Tout le concert s’est articulé autour d’un équilibre entre morceaux électro/new-wave et chansons plus douces, intimistes parfois – peut-être pas assez nombreuses pour un fan du minimalisme plus organique de la première heure.
À quelques nuances près (longueur, etc.) les chansons restent globalement assez proches du son produit sur les disques, mais sont puissamment incarnées et mises en scène dans une scénographie dont la fonction rituelle semble limpide.
En effet, toute cérémonie a besoin d’un lieu : la scénographie prend ici cette fonction. Monument, mais ordinaire, à la fois haut, majestueux, clos et fragile le décor en tissu prend l’allure d’une cathédrale, d’un temple ou d’un théâtre ; qu’importe. Et l’évolution du comportement de Rebeka Warrior va de pair avec une évolution de la lumière. Au début tout est aplat de couleurs, saturations de bleus, de rouges : la lumière emplit l’espace. Puis elle devient plus rythmée et enfin plus dépouillée au moment des rappels, quelques éclairages de salles aussi : tout cela afin de pouvoir échanger, de voir et de profiter de son public : sorte de clôture d’une cérémonie par laquelle on va mieux, un peu… C’est fort, très fort ! Et ce d’autant plus qu’on peut très bien ne pas le voir et que cela n’enlève rien au côté festif et dansant du concert.

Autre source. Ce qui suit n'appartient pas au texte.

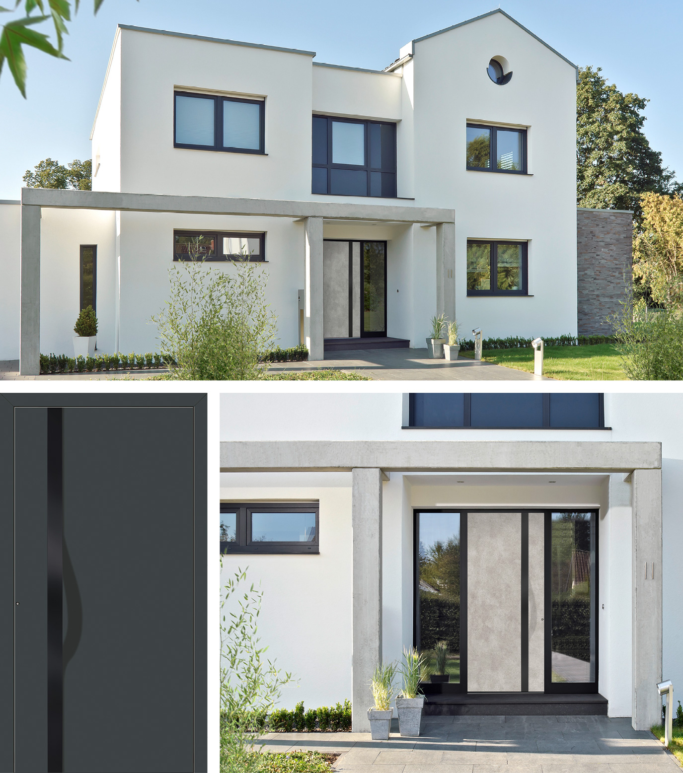 Schwarz als Gestaltungselement ist in der Möbelbranche schon länger im Trend. Aber auch Haustüren gibt die Farbe Schwarz einen neu entdeckten, ganz besonderen Eindruck. Sicher, eine weiße Tür passt zu fast allen Häusern, doch dunkle Töne verleihen mehr Tiefe und neue Gestaltungsmöglichkeiten. Wer es Ton in Ton mag, kombiniert zu den schwarzen Griffen und Applikationen auch den Briefkasten, die Hausnummer oder die Lampen in Schwarz. Und sogar die komplette Tür ist in Schwarz ein echter Hingucker. Haben Sie es gern modern, wählen Sie eine zeitlose Grundfarbe oder eine der trendigen  Designfolien in Rost- oder Betonoptik. Jedes einzelne Türmodell lässt sich so in reichlichen Kombinationsmöglichkeiten individuell gestalten und gibt Ihrem Haus seinen eigenen Charme.

Je pose ici l’hypothèse que cette scénographie, tout comme l’attitude sur scène et son évolution, revêtent une dimension de rituel : de date en date, le faire le refaire, encore et encore, sorte de purgation païenne et festive. Mieux : de purgation par la fête ; c’est plus qu’un spectacle. Et le public est bien là : « on aime quand vous criez entre les morceaux ». Tout cela fonctionne bien : le public est embarqué et danse lorsque cela s’y prête et écoute attentivement lorsque le morceau nous y invite. Très peu passent à côté.
Mais le deuxième rappel par le public insatiable est bruyant ! Et « la berceuse » Petite Italie a besoin de silence : « calmez-vous les enfants ! ». En effet le silence est nécessaire, car le rite touche à sa fin : la vie et la joie pointent, chantées à deux voix : « Ne vois-tu pas le soleil tendre ses rayons d’or vers notre abri ? //N’entends – tu pas le vent répandre ses caresses et ses mélodies ? //Ne sens-tu pas ce parfum d’ambre//d’immortelles et de petite Italie ? ».
Un moment très beau a vu le public si enthousiaste et présent qu’en plein morceau Rebeka Warrior en a perdu son texte, son chant et que sa complice Carla Pallone a continué, seule, à chanter. Le rite est fini et « dans notre corps comme un tambour résonnent le sang et la vie », « il est si doux d’être au présent (..) », « au loin les souvenirs. »
Le concert se termine après une heure dix, durée raisonnable sans être vraiment long non plus. Personne ne semble vraiment décidé à quitter la salle ni les lieux. Tout le monde semble joyeux, tout le monde parle avec tout le monde : il y a une ferveur palpable dans l’air, et c’est beau.
Les souvenirs de ce concert, eux, nous ne voulons pas les envoyer au loin.
*Compte rendu de concert réalisé avec les retours et l’œil de Fabien Dupouy.